For arithmetic operations, this problem has been addressed: Each integer type has wrapping_*, saturating_* and checked_* operations. For numeric casts, options are more limited:

  • The equivalent to checked_* is try_into

  • The equivalent to wrapping_* is as

  • There is no equivalent to saturating_* for integer casts

Why does this require fixing, you may ask? The as operator is used for many type conversions, both lossless and lossy. It has different behavior (truncating, wrapping, saturating, rounding) depending on the types, explained here.

The main problem is that the name of the as operator is too vague, it doesn't describe what kind of conversion is performed. Furthermore, people often choose as instead of .try_into().unwrap() because it is shorter.

My proposal is to deprecate as for lossy numeric conversions. Instead, 4 new traits are added, Truncating{From,Into} and Saturating{From,Into}, which work the same as From and Into. You can use truncating_into when performance is very important and you know that it won't truncate, or when truncation is actually desired. saturating_into can be used e.g. when converting from a sized to an unsized integer and negative values should become zero.

For lossless conversions, you can continue to .into() or as. The deprecation warning is only shown when using as for a lossy conversion.

52 Likes

As a nit, I'd just call this truncate(). That aside, I'd love to see this.

10 Likes

What should be used for f64 as f32? Neither saturate or truncate seem completely appropriate.

It's not truncate because too large finite f64 saturate to f32::inf ([example]).

It's not really saturate because of the loss of precision / rounding; values between two successive f32 round to the closer value rather than saturate (away from zero) (or at least that's my understanding/assumption).

What does IEEE call the operation exactly?

I suppose it could be ".round()", but then you have the argument of whether values which saturate to inf should round to f32::MAX instead. "Approximate" is the closest verb I can think of that matches informally while not being wrong.

Otherwise I'm on board for getting closer to deprecating as for numerics.

19 Likes

Open RFC: https://github.com/rust-lang/rfcs/pull/2484#discussion_r200892454

I might leave the into version off for now, since using them without saying the type is a bit questionable. It might be fine to say "look, since it's lossy, you have to say u16::wrapping_from or whatever".

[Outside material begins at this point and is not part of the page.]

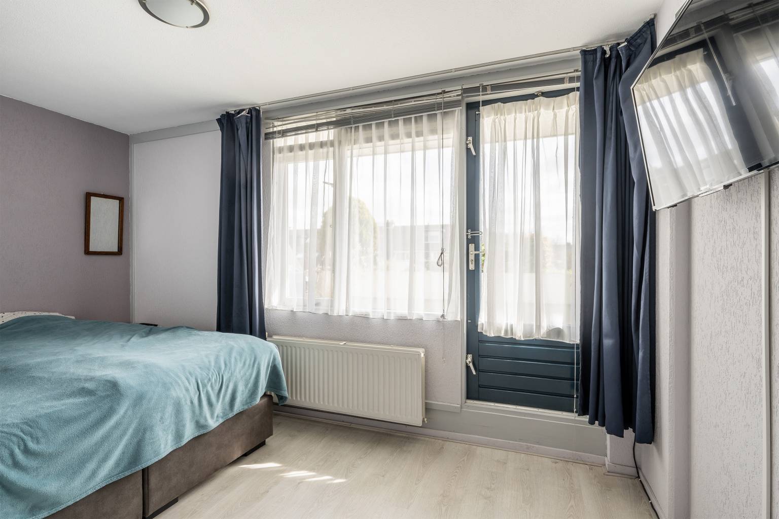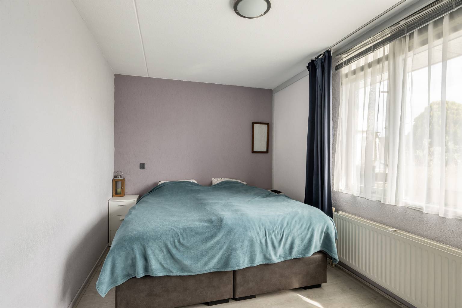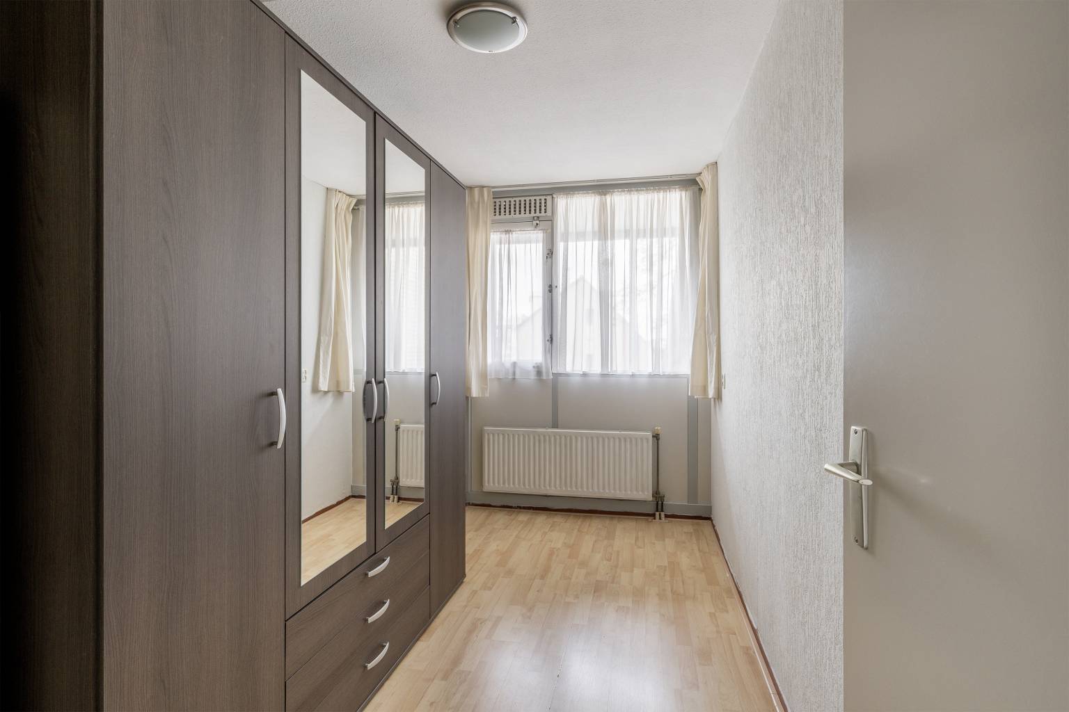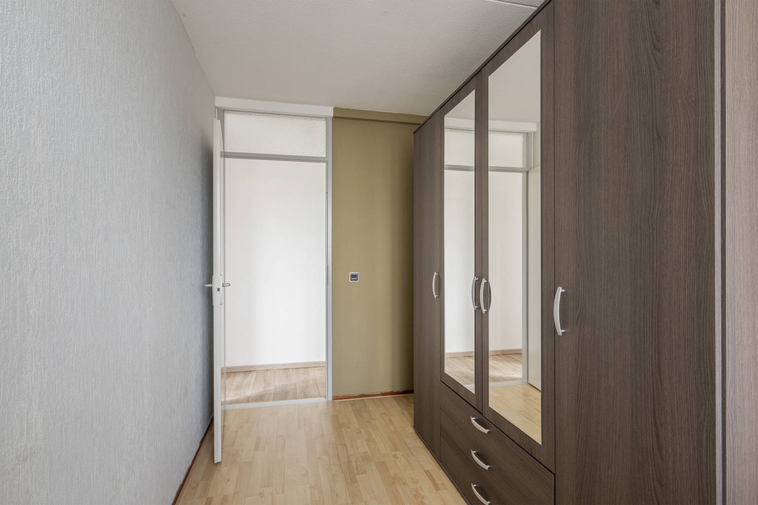 Er zijn twee slaapkamers gelegen aan de galerijzijde en bij beide is de vloer voorzien van vinyl en de wanden afgewerkt met granol. De hoofdslaapkamer is gelegen aan de voorzijde en heeft net als de andere slaapkamers vinyl op de vloer en granol aan de wanden. Daarnaast geeft deze slaapkamer, net als de woonkamer, toegang tot het terras aan de voorzijde.

I think there's an important choice here. There's at least two obvious possibilities:

  • a wrapping_from method, which can do the full cartesian product of types

  • a truncate, which implies to me that it's not a widening, and thus doesn't include certain things that the other one would. Like I would assume u16 -> i32 wouldn't work with truncate, but more importantly neither would u8 -> i8, as 255 -> -1 isn't what I'd call a truncation.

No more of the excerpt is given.